Work to complete: For this exercise, output the entries below exactly from the line that holds "鐵砂掌擊碎啤酒瓶。中新社發 玉龍 攝" to the line that holds "like a swimmer’s", both ends included. No pictures belong in the copy.

Extracted records:
..........
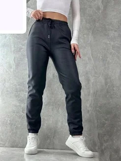 Брюки утепленные кожаные джоггеры
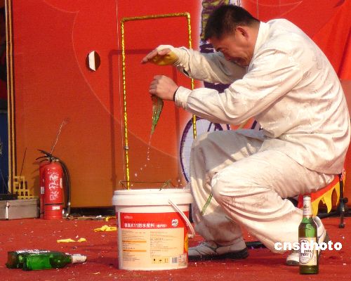 鐵砂掌擊碎啤酒瓶。中新社發 玉龍 攝
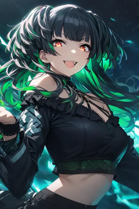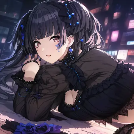 IllustriousXL tag is "mayuzumi_fuyuko, 1girl, gloves, black hair, two side up, brown eyes, small breasts" with alternating "pink eyes" color when the lighting is darker.
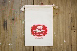 1950年~60年代半ばまで使われていたハワイアン航空のヴィンテージロゴを大きくプリントしたコットンバッグです。赤を基調としたこの時代のロゴは、エアラインロゴのデザインとしても秀逸です。機内グッズのように旅の小物を入れて使ってみてください。
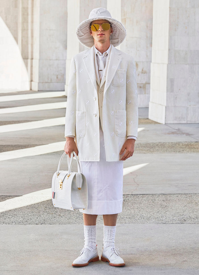 like a swimmer’s towel around the neck. thom browne’s drawings hand
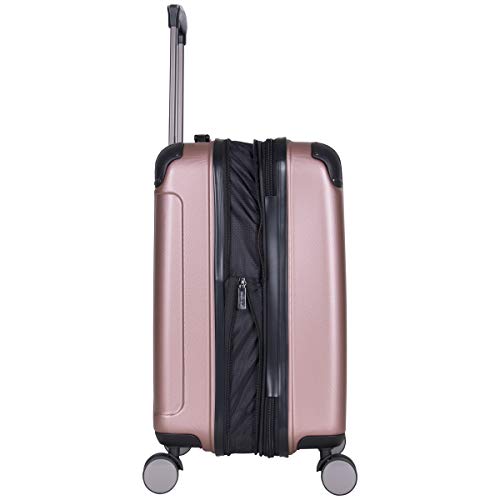 Details: Expands for greater carrying capacity. 8-Wheel Spinners allow smooth 360-degree rotation. Lightweight Construction. Durable hard side exterior and molded corner guard reinforcement for maximum impact resistance and Fully lined interior. Lid section features a large u-shaped zippered pocket which includes A mesh zipper pocket and elastic shoe pockets. Main compartment includes a full-length zipper pocket, garment restraint panel with snap locks, and a large mesh zipper pocket. Durable molded bottom grab handle and flexible top and side handles allow for easy lifting. Locking retractable trolley handle. Overall Dimensions: 22"h x 15.35" W x 9-11" D; Weight: 7.2 lbs. Includes a 10-year Limited manufacture warranty.
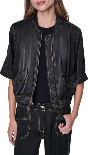 Roll-tab cuffs put a fresh, versatile spin on this sleek bomber jacket complete with contrast stitching.
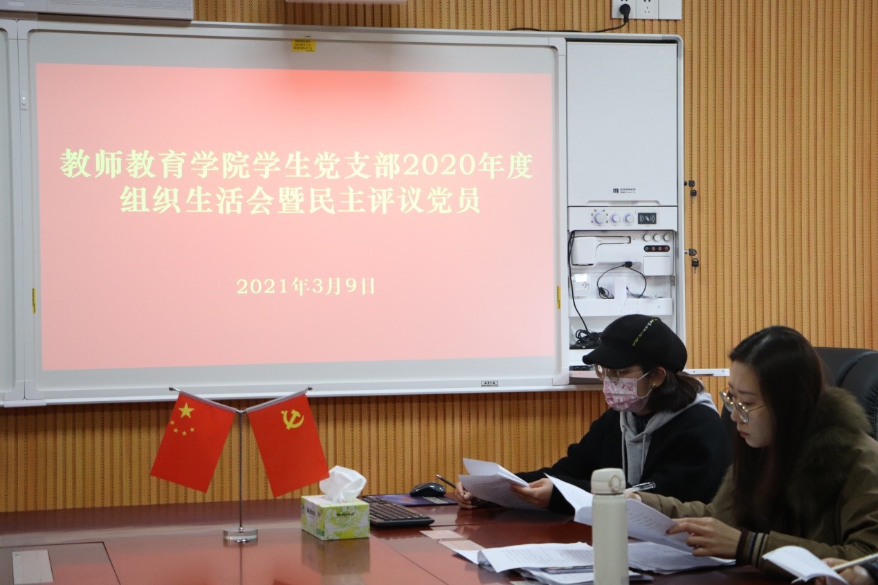 3月9日下午,教师教育学院于教七楼301会议室召开了学生党支部2020年度组织生活会暨民主评议党员会。学生党支部书记李依、党小组组长李杨、徐亚南、刘莅原,全体学生党员及预备党员参加会议。会议由李依主持。
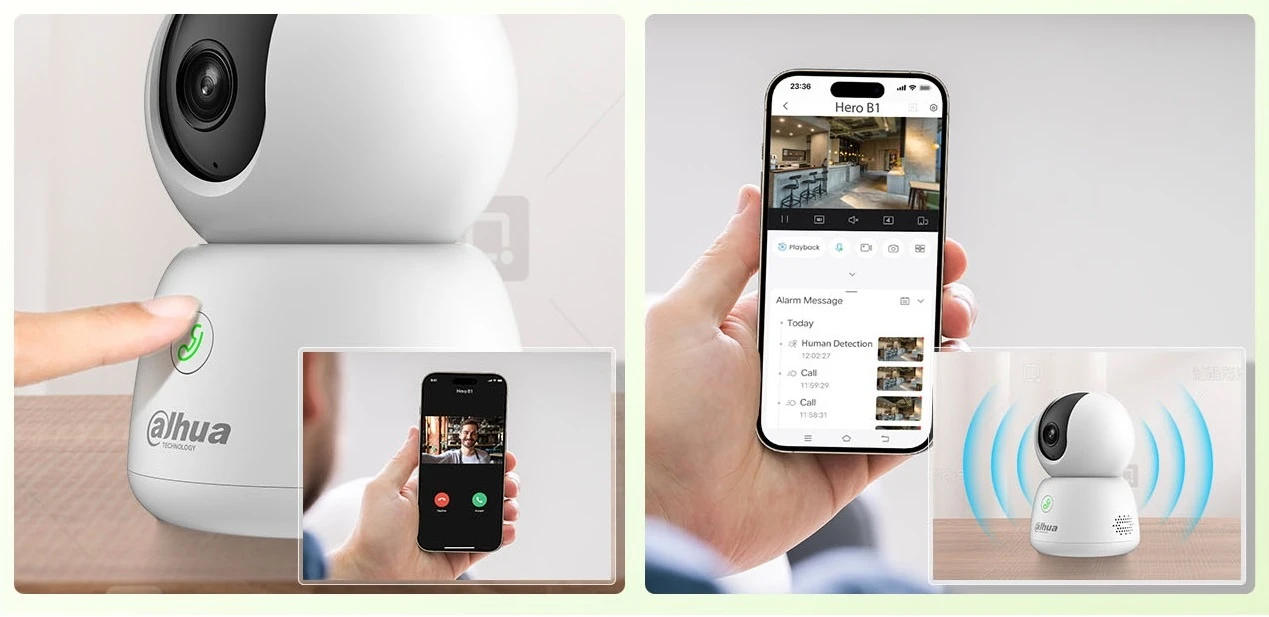 Камера H3B оснащена функцією двостороннього зв'язку, що дозволяє як розмовляти з друзями або співробітниками, так і відлякувати непроханих гостей.
..........
Response:
 鐵砂掌擊碎啤酒瓶。中新社發 玉龍 攝
 IllustriousXL tag is "mayuzumi_fuyuko, 1girl, gloves, black hair, two side up, brown eyes, small breasts" with alternating "pink eyes" color when the lighting is darker.
 1950年~60年代半ばまで使われていたハワイアン航空のヴィンテージロゴを大きくプリントしたコットンバッグです。赤を基調としたこの時代のロゴは、エアラインロゴのデザインとしても秀逸です。機内グッズのように旅の小物を入れて使ってみてください。
 like a swimmer’s towel around the neck. thom browne’s drawings hand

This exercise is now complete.